I’ll remind again, that according to Uncle Bob, the essence of functional programming is that

Variables in functional languages do not vary

and

Functional programming is disciple imposed upon variable assignment.

Or, according to Wikipedia:

In computer science, functional programming is a programming paradigm where programs are constructed by applying and composing functions. It is a declarative programming paradigm in which function definitions are trees of expressions that each return a value, rather than a sequence of imperative statements that change the state of the program.

In other words, you can assign variables a new value, but existing values cannot change.

A few examples:

# BAD
my_var = {'c': 'value'}
my_var['b'] = 'new_value'
# or 
my_var['c'] = 'new_value'

# GOOD

my_var = {'c': 'value'}
my_var = dict(**my_var, b='new_value')

# or
my_var = {'c': 'new_value'}

using functions

# BAD
def my_function(input_dict):
    input_dict['new_value'] = 'var'
    return True

# GOOD
def my_function(input_dict):
    return dict(**input_dict, new_value='var')    

This has a few important implications:

As you can see, it reduces surprises and eases the cognitional context load of the programmer as we do not need to worry about the state of the entire program but just the local state (input) of the function.

There is a common expectation that if you call the function with the same arguments, it will return the same results. However, that is not always the case:

These edge cases usually creep in from the environment (boundaries with the environment) and a keen functional practitioner could work around these by introducing Environment or Context states but for practical purposes it is more work than it is worth.

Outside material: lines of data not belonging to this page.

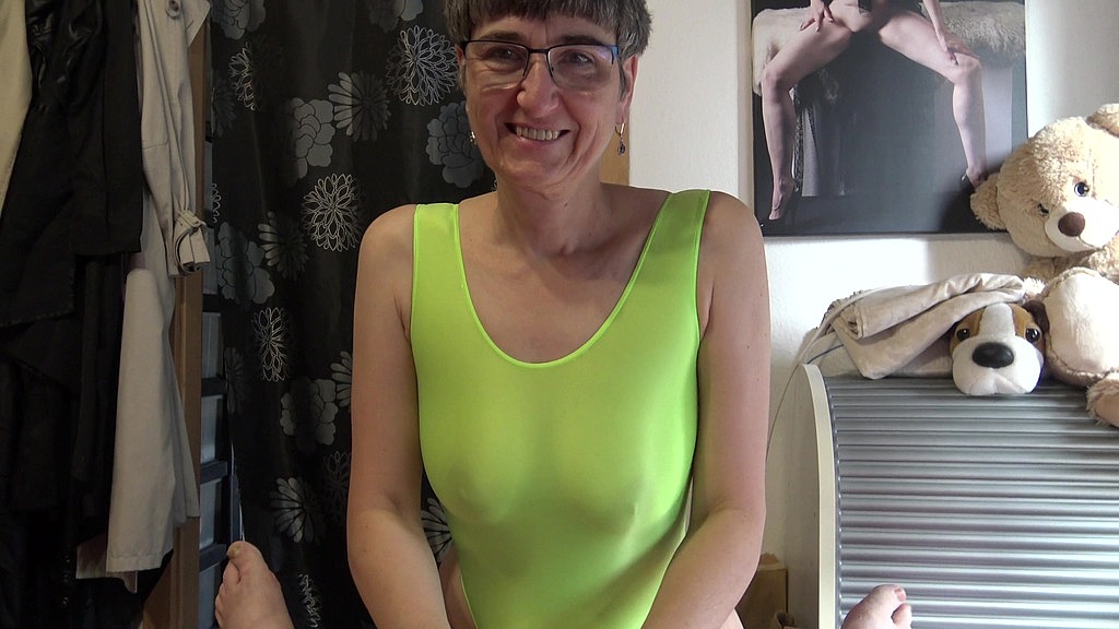 I surprise him in the Bedroom.<br>Have neon colored stockings and a Body that reveals more than it hides.<br>But I feel like it and so does he.<br>So I give him a hot blowjob in the Body.<br>I get so hot that I strip down the body.<br>My play on my Tits makes him really hot.<br>And soon I get his hot Sperm.<br>Leave it in my mouth, play with it and Swallow it all.
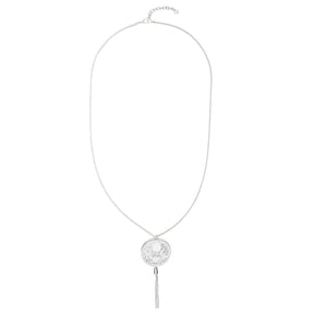 Hollow Designed Circle with Tassel End Necklace - Silver (YJ28047SLR) - Silver is backordered and will ship as soon as it is back in stock.
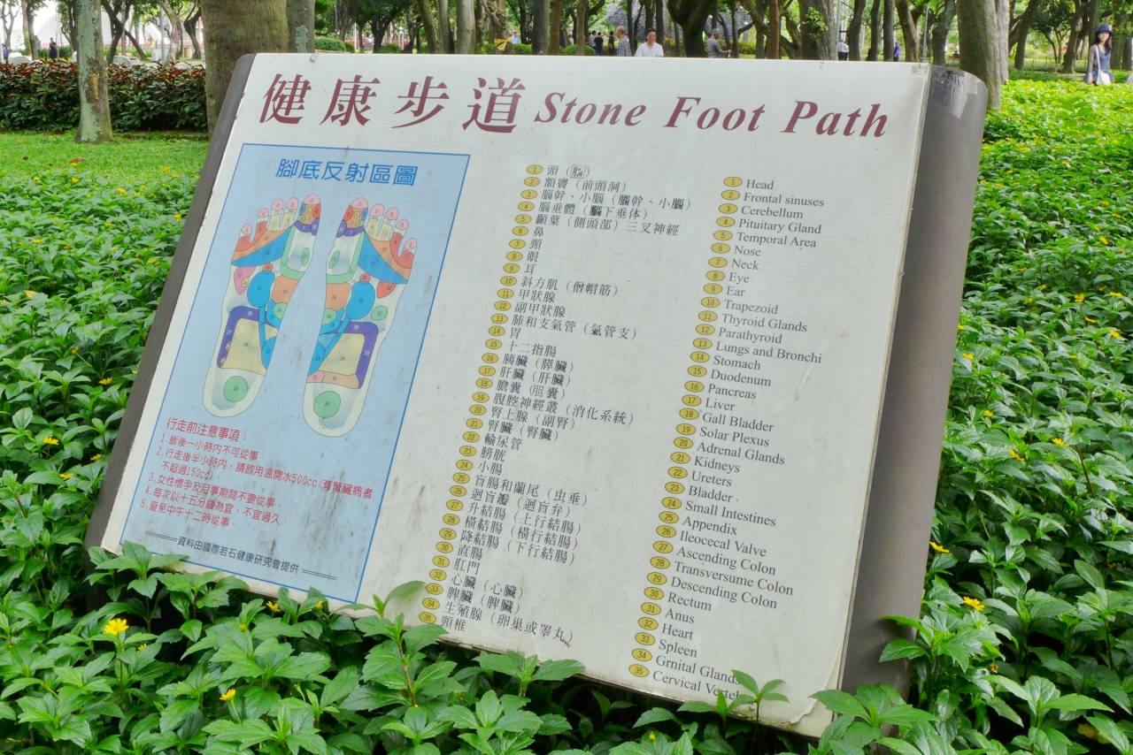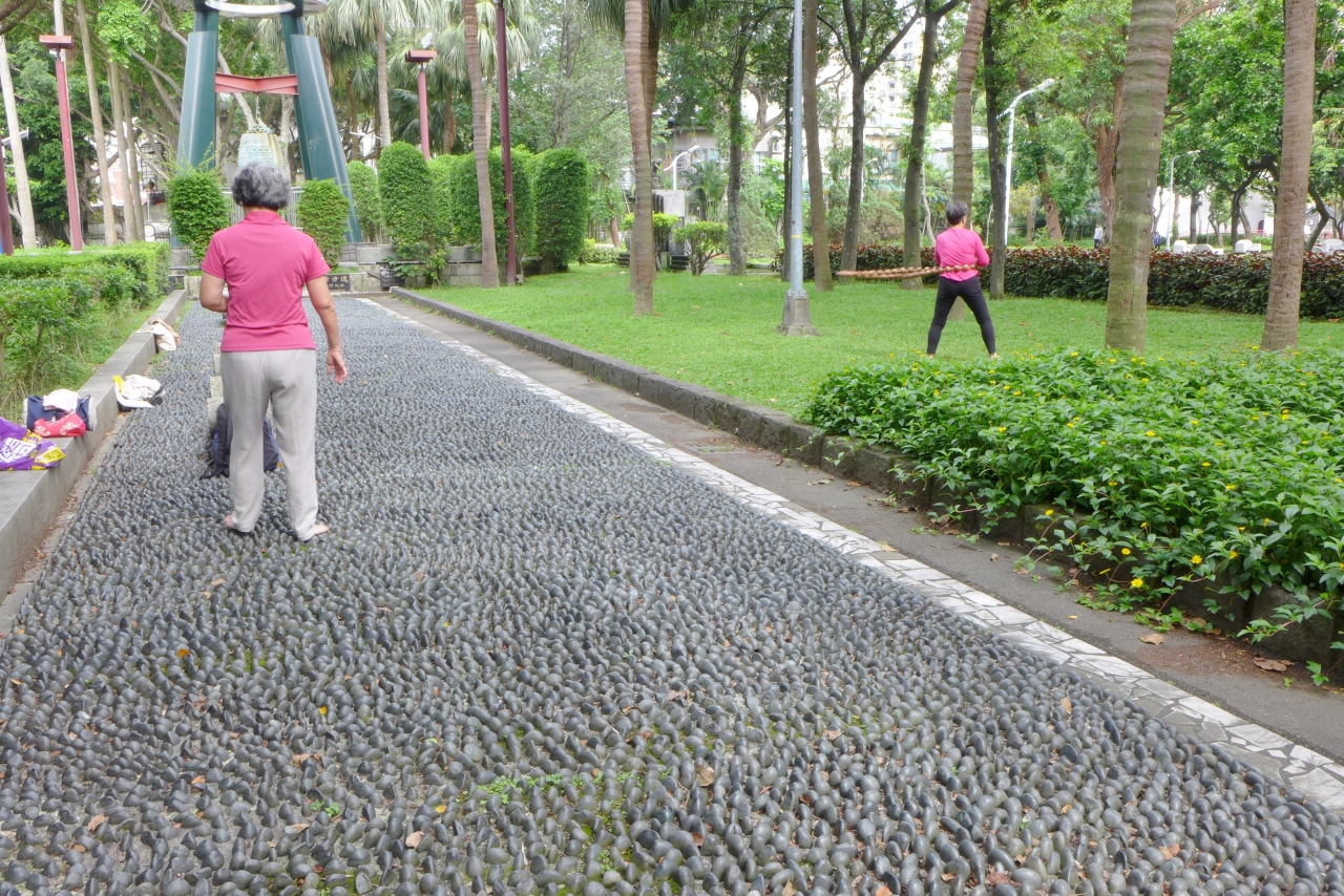 何が健康なのかと思ってよくよく見れば歩道には一面に丸い小石が敷き詰められていて、ここを歩くことにより足つぼを刺激し、健康につながるのだそうです。
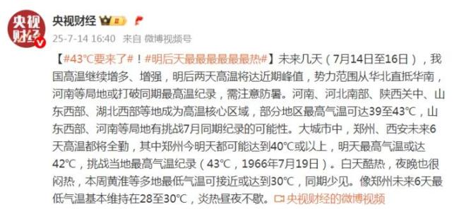 43℃要来了 多地或热到破纪录 高温进入鼎盛时段

The implications above often lead to code structure that looks like this:


x1 = my_function_one(input)
x2 = another_call(x1)
b3 = third_call(x1, x2)
final_result = calculate(b3)

It’s easier to reason about the calls step-by-step as the context of each function call is always limited.

As it usually happens, in data engineering data processing flows are often quite simple, and the pipeline above looks like:

x = my_function_one(input)
x = another_call(x)
x = third_call(x)
final_result = calculate(x)

Coupling

One missing, but quite important, piece of this puzzle is that the functions should be cohesive ( one responsibility) and loosely coupled. What does it mean to be loosely coupled?

Let’s compare these two examples:

def my_function_one(b):
    #...
    return c

def another_call(b):
    #...
    c = my_function_one(c)
    return c

def third_call(b):
    #...
    c = another_call(c)
    return c

def calculate(b):
    #...
    c = third_call(c)
    return c

final_result = calculate(x)

and

def my_function_one(b):
    #...
    return c

def another_call(b):
    #...
    return c

def third_call(b):
    #...
    return c

def calculate(b):
    #...
    return c

x = my_function_one(input)
x = another_call(x)
x = third_call(x)
final_result = calculate(x)

What will happen, if we do not need to call another_call? In the first case, we could remove it from the third_call function, but that would break functionality for all the other users of third_call function.

Clearly, the latter case is more loosely coupled, because we can just drop the x = another_call(x) line, we will achieve our goals, and the code won’t be broken for the other users.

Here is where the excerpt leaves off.